**TO DO**
Your task is to transcribe the data exactly while omitting each picture.

:: RECORDS TO PROCESS

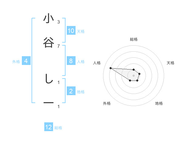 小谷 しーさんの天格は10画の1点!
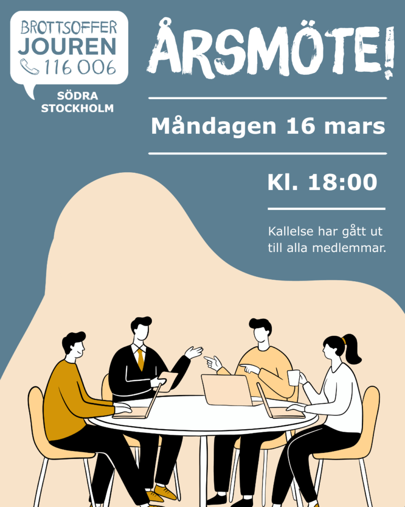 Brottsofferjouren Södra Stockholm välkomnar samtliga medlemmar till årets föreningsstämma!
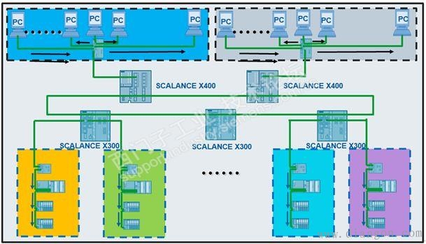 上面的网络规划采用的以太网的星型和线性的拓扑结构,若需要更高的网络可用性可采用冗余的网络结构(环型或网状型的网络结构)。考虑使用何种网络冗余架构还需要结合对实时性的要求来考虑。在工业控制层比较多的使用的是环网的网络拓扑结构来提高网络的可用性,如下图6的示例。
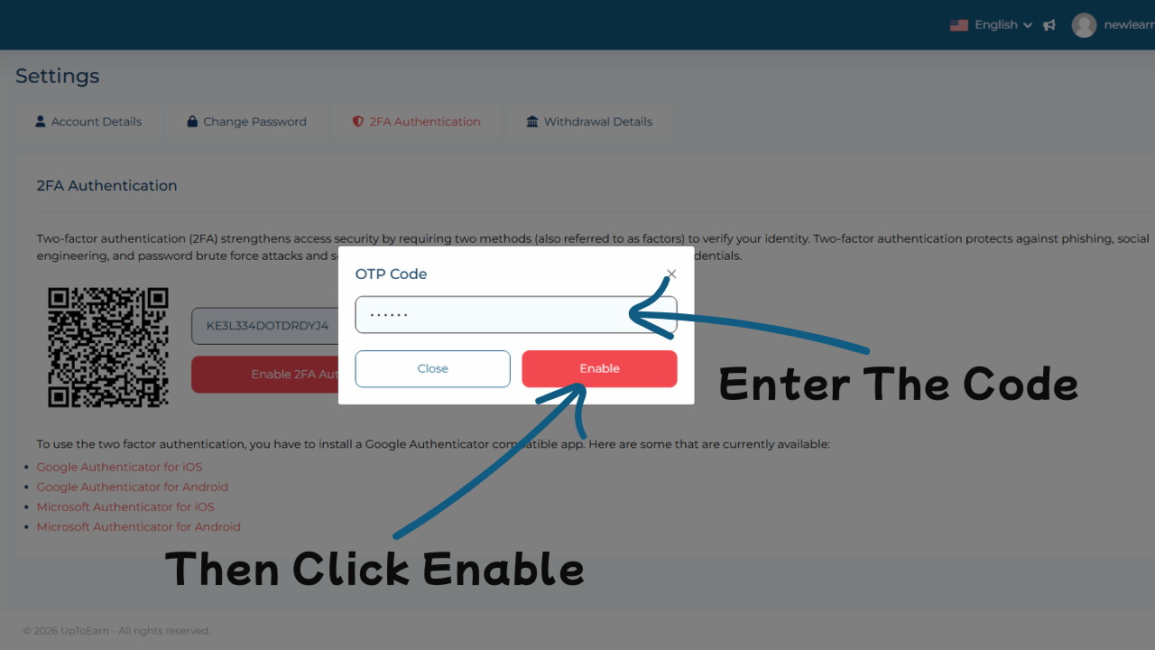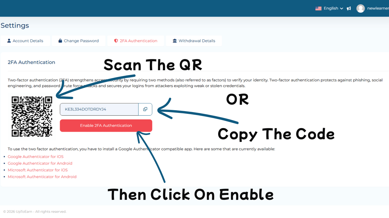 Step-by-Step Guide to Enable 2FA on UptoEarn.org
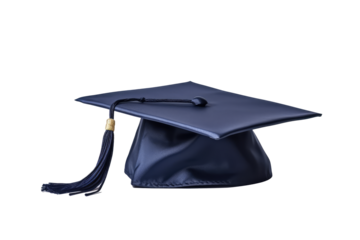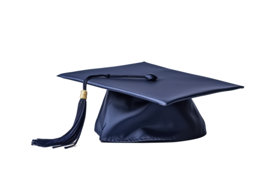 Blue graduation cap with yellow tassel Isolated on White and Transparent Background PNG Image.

::::

**FINISHED TASK**
 小谷 しーさんの天格は10画の1点!
 Brottsofferjouren Södra Stockholm välkomnar samtliga medlemmar till årets föreningsstämma!
 上面的网络规划采用的以太网的星型和线性的拓扑结构,若需要更高的网络可用性可采用冗余的网络结构(环型或网状型的网络结构)。考虑使用何种网络冗余架构还需要结合对实时性的要求来考虑。在工业控制层比较多的使用的是环网的网络拓扑结构来提高网络的可用性,如下图6的示例。
 Step-by-Step Guide to Enable 2FA on UptoEarn.org
 Blue graduation cap with yellow tassel Isolated on White and Transparent Background PNG Image.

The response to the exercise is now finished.